The answer is $2.79 g$.

Starting from the balanced chemical equation

$B a {\left(N {O}_{3}\right)}_{2 \left(a q\right)} + N {a}_{2} S {O}_{4 \left(a q\right)} \to B a S {O}_{4 \left(s\right)} + 2 N a N {O}_{3 \left(a q\right)}$

Taking into consideration the solubility rules (more here: http://www.chem.sc.edu/faculty/morgan/resources/solubility/), we can see that $B a {\left(N {O}_{3}\right)}_{2}$, $N {a}_{2} S {O}_{4}$, and $N a N {O}_{3}$ will dissociate into their respective ions, which will lead to the reaction's net ionic equation

$B {a}_{\left(a q\right)}^{2 +} + S {O}_{4 \left(a q\right)}^{2 -} \to B a S {O}_{4 \left(s\right)}$

Since sulfate compounds formed with $B {a}^{2 +}$ cations are insoluble in water (only slightly soluble, $B a S {O}_{4}$'s ${K}_{s p}$ being equal to $1.1 \cdot {10}^{- 10}$ ), this double-replacement reaction forms a precipitate, $B a S {O}_{4}$.

We know from the balanced chemical equation that the mole-to-mole ratio of $B a {\left(N {O}_{3}\right)}_{2}$ and $B a S {O}_{4}$ is 1:1; that is, for every mole of barium nitrate used, one mole of barium sulfate is produced.

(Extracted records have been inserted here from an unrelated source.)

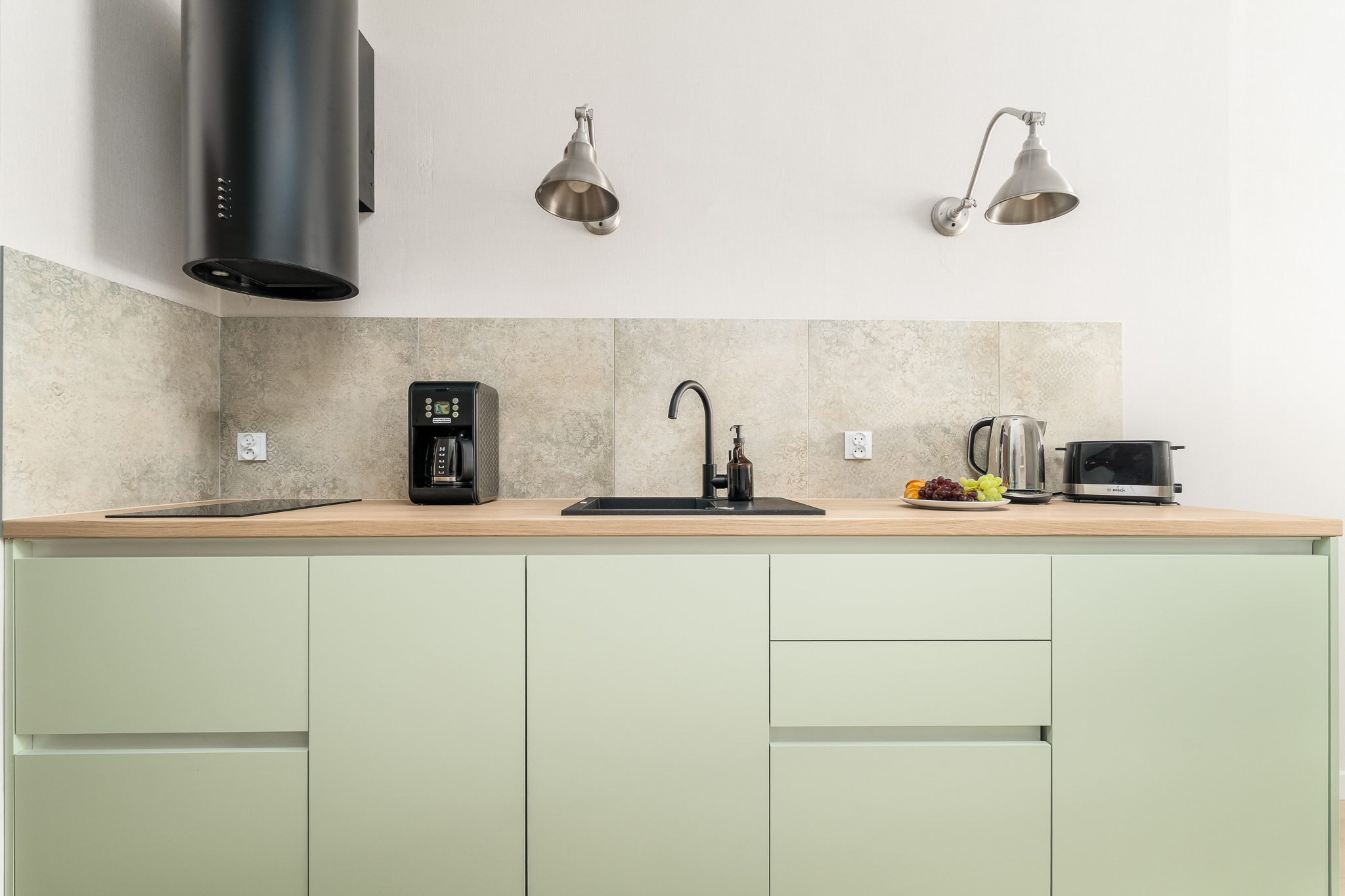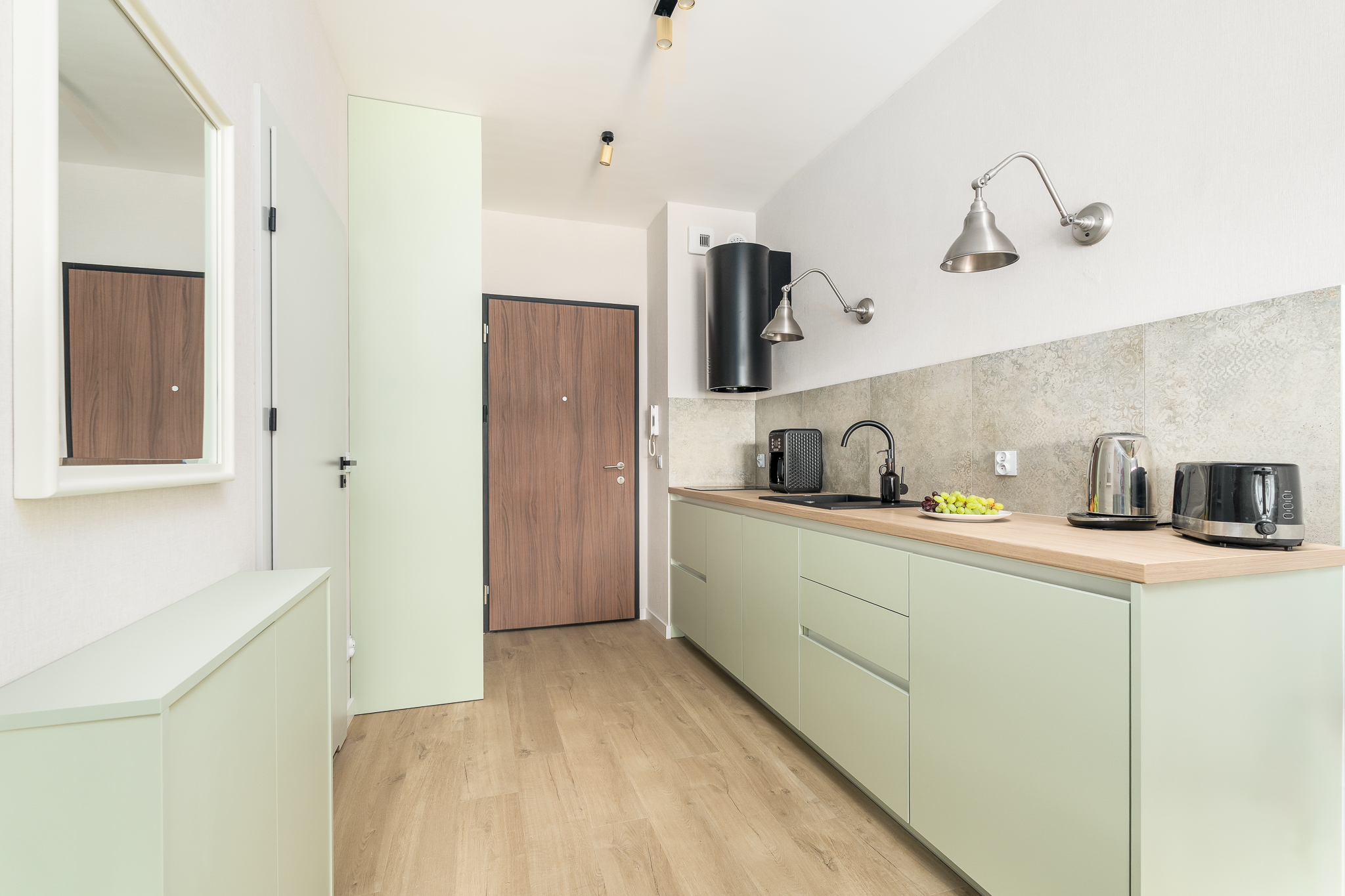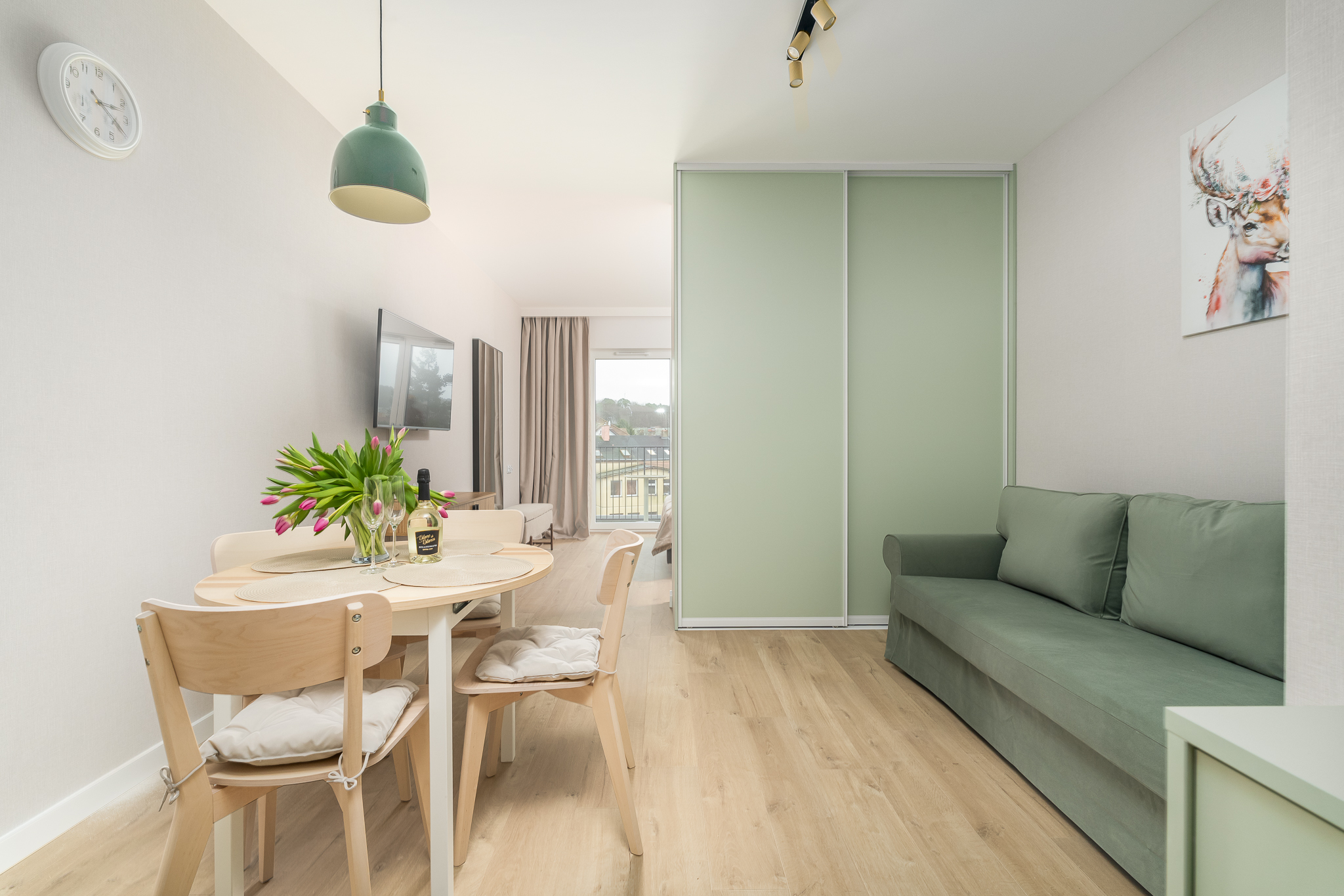 Apartament składa się z przestronnego salonu, w którym znajduje się wygodna rozkładana sofa, idealna do odpoczynku i relaksu po dniu pełnym atrakcji. Salon jest połączony z nowoczesnym aneksem kuchennym, wyposażonym we wszystkie niezbędne sprzęty, co umożliwia przygotowanie własnych posiłków w miłej atmosferze.
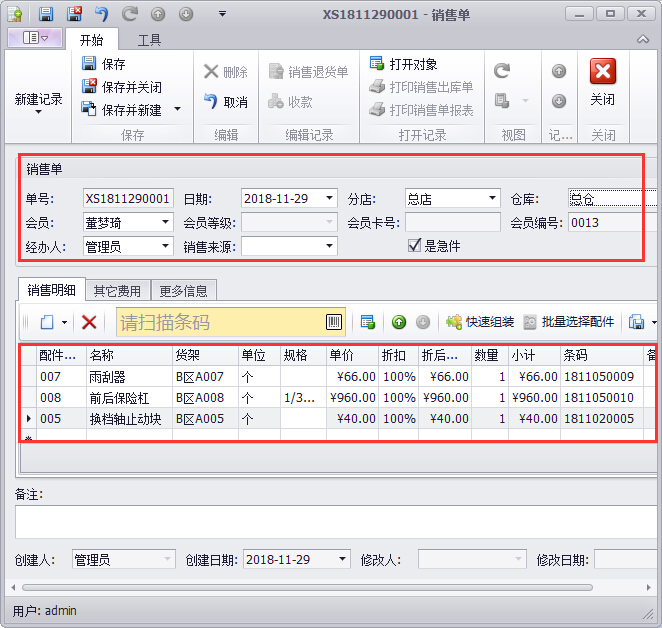 傲藍汽車配件零售系統銷售開單主要針對固定的客戶,銷售明細是對銷售汽車配件的詳細信息,用戶只要選擇汽車配件編號下拉列表即可,其它與配件相關的信息會自動填寫,用戶只要修改數量,其它費用的收入可以記錄在其它費用模塊中,點擊保存制作一張銷售單完成。
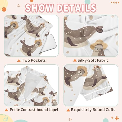 ALAZA Cute Seal Dot Satin Pajamas Set Short Sleeve Button Down Sleepwear Summer Pjs 2 Piece 1
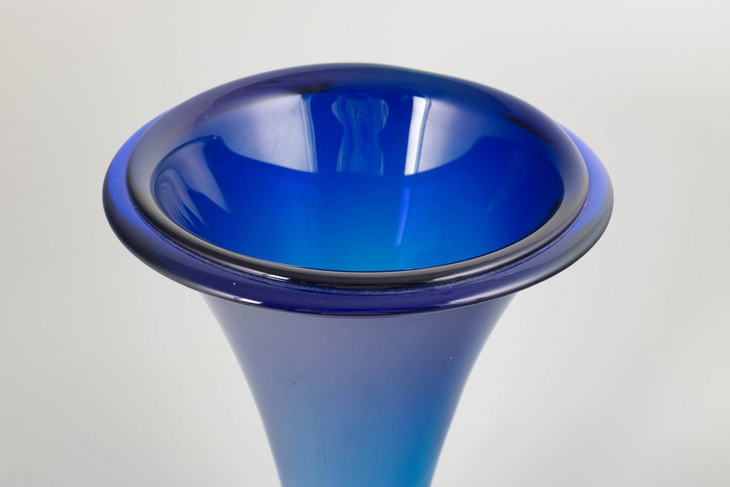 Elegant trumpet-shaped vase in mouth-blown, heavy crystal glass with a deep blue colour graduation. A striking example of Czech Art Deco glass with a solid foot and wide flared rim.
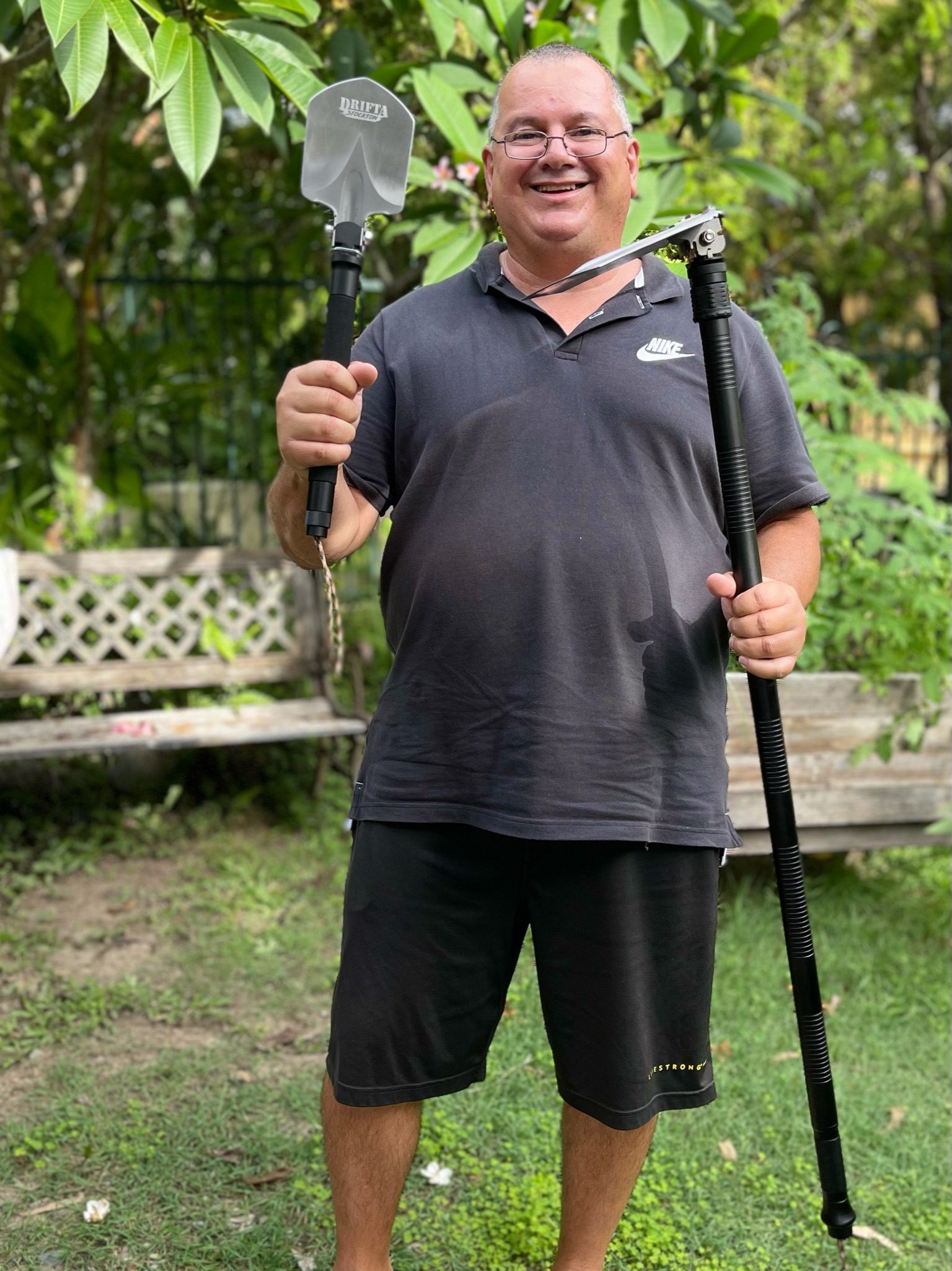30 mm aluminium tube, stainless head. Dunny shovel has a soft grip.

The number of barium nitrate moles can be determined from its molarity, $C = \frac{n}{V}$

${n}_{B a {\left(N {O}_{3}\right)}_{2}} = C \cdot V = 0.500 M \cdot 25.0 \cdot {10}^{- 3} L = 0.012$

Knowing barium sulfate's molar mass ($233.3 \frac{g}{m o l}$), and the number of moles produced, we get

${m}_{B a S {O}_{4}} = {n}_{B a S {O}_{4}} \cdot m o l a r m a s s = 0.012 m o l e s \cdot 233.3 \frac{g}{m o l e} = 2.79 g$